WHAT THE TASK ASKS: Only the lines below from the one that contains "Crafted with a" through the one that contains "Браслет выполнен из" should appear in your answer, exact and without pictures.

DATA FOR THIS TASK:
● ● ●

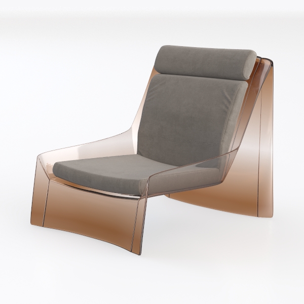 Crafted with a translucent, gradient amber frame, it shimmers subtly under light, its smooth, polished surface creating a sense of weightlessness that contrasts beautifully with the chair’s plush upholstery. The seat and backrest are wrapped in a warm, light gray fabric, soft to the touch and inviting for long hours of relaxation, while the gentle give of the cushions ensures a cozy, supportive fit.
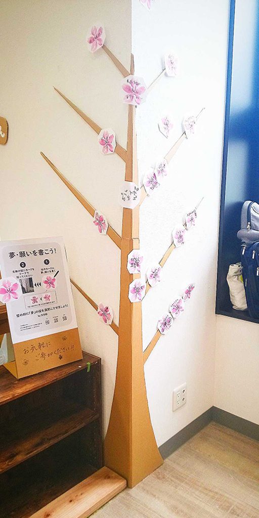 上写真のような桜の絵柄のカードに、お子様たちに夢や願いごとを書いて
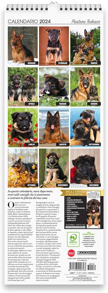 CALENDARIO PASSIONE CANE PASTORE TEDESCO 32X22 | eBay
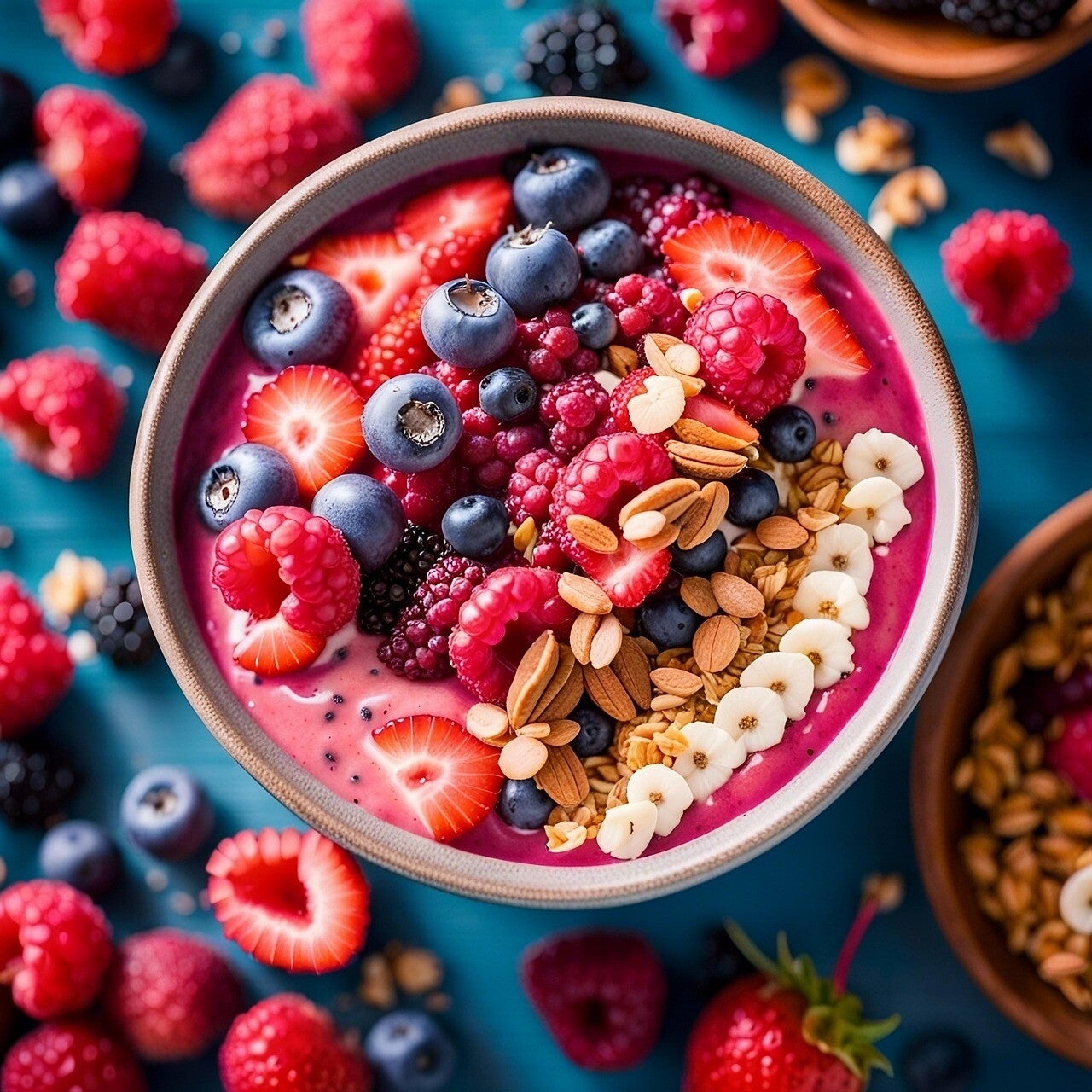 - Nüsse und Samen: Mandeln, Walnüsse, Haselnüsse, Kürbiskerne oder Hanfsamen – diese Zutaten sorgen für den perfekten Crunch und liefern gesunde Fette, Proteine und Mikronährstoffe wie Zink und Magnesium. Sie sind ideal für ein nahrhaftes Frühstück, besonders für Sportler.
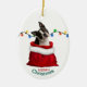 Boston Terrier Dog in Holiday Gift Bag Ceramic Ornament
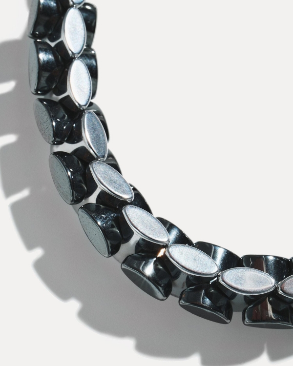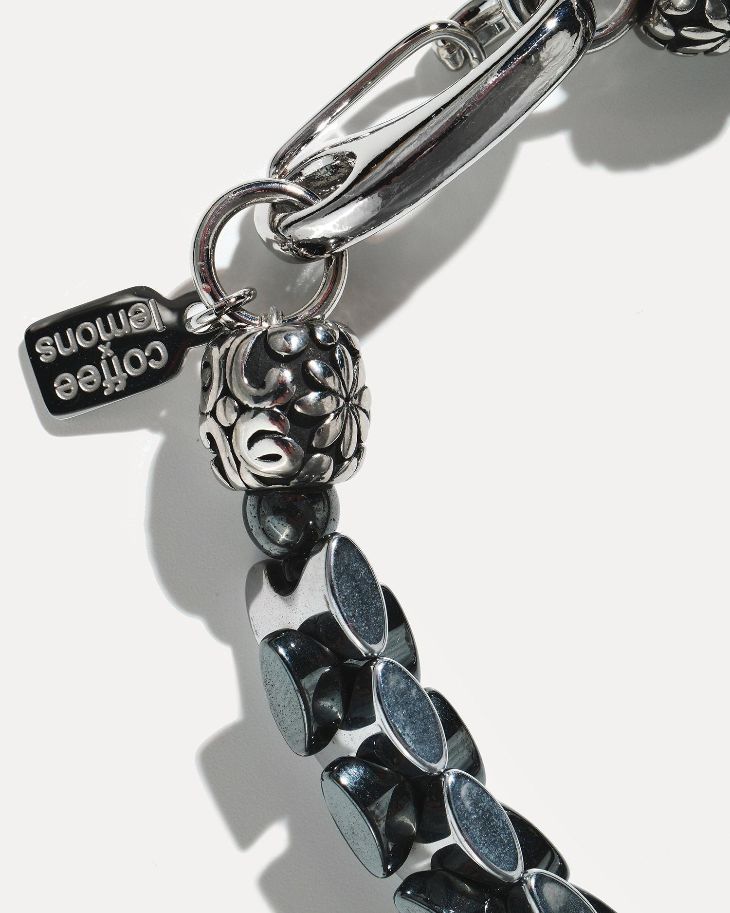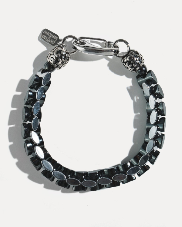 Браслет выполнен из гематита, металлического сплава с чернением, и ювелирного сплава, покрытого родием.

● ● ●

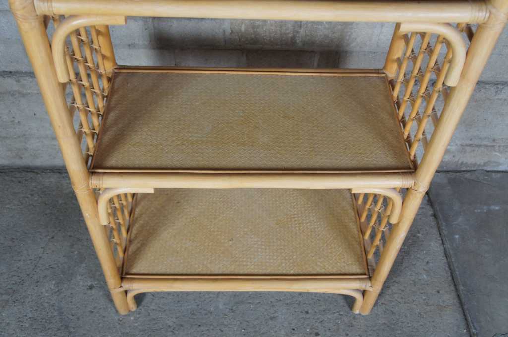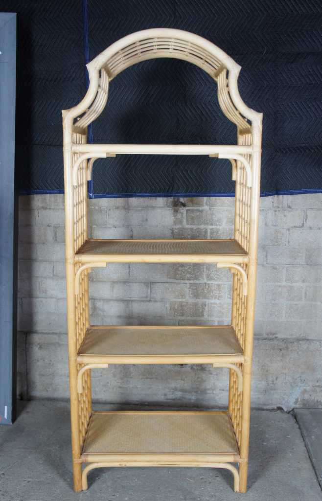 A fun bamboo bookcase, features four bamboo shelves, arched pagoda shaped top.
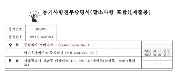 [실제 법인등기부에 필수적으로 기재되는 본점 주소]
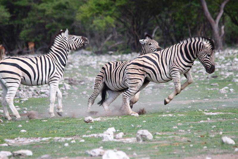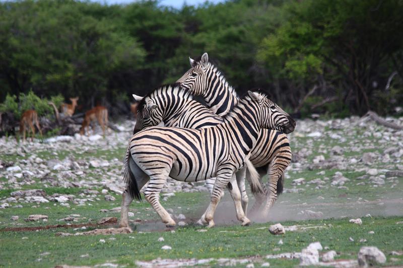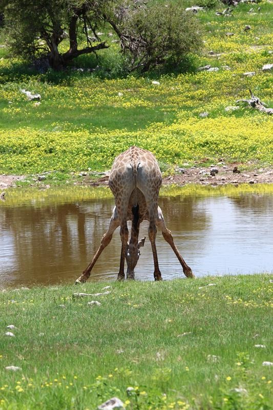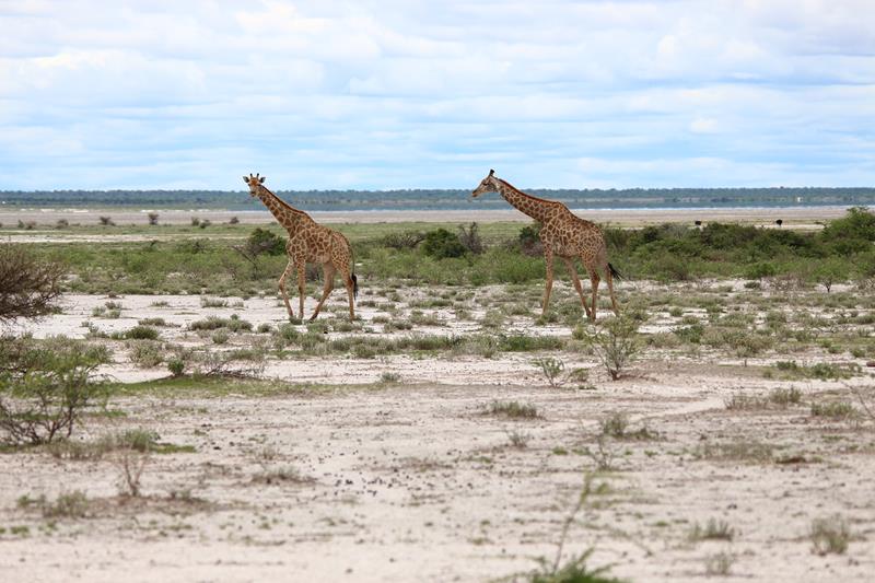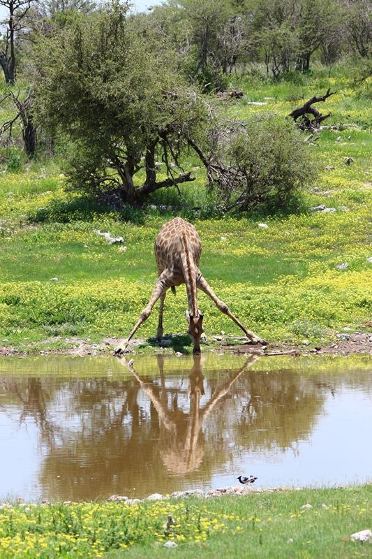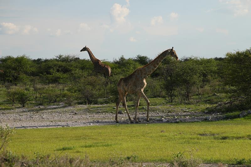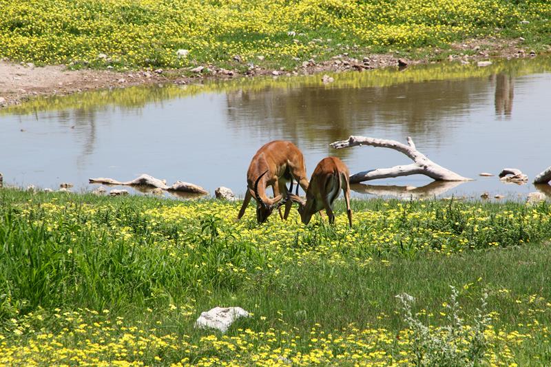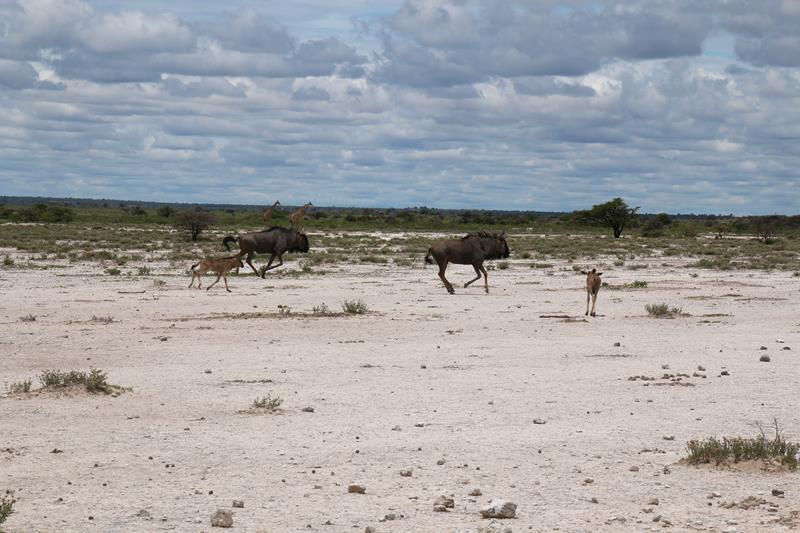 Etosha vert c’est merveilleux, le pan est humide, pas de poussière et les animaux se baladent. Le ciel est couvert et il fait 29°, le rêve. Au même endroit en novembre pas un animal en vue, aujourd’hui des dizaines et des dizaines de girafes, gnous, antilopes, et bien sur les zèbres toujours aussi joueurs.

● ● ●

RESULT OF THIS TASK:
 Crafted with a translucent, gradient amber frame, it shimmers subtly under light, its smooth, polished surface creating a sense of weightlessness that contrasts beautifully with the chair’s plush upholstery. The seat and backrest are wrapped in a warm, light gray fabric, soft to the touch and inviting for long hours of relaxation, while the gentle give of the cushions ensures a cozy, supportive fit.
 上写真のような桜の絵柄のカードに、お子様たちに夢や願いごとを書いて
 CALENDARIO PASSIONE CANE PASTORE TEDESCO 32X22 | eBay
 - Nüsse und Samen: Mandeln, Walnüsse, Haselnüsse, Kürbiskerne oder Hanfsamen – diese Zutaten sorgen für den perfekten Crunch und liefern gesunde Fette, Proteine und Mikronährstoffe wie Zink und Magnesium. Sie sind ideal für ein nahrhaftes Frühstück, besonders für Sportler.
 Boston Terrier Dog in Holiday Gift Bag Ceramic Ornament
 Браслет выполнен из гематита, металлического сплава с чернением, и ювелирного сплава, покрытого родием.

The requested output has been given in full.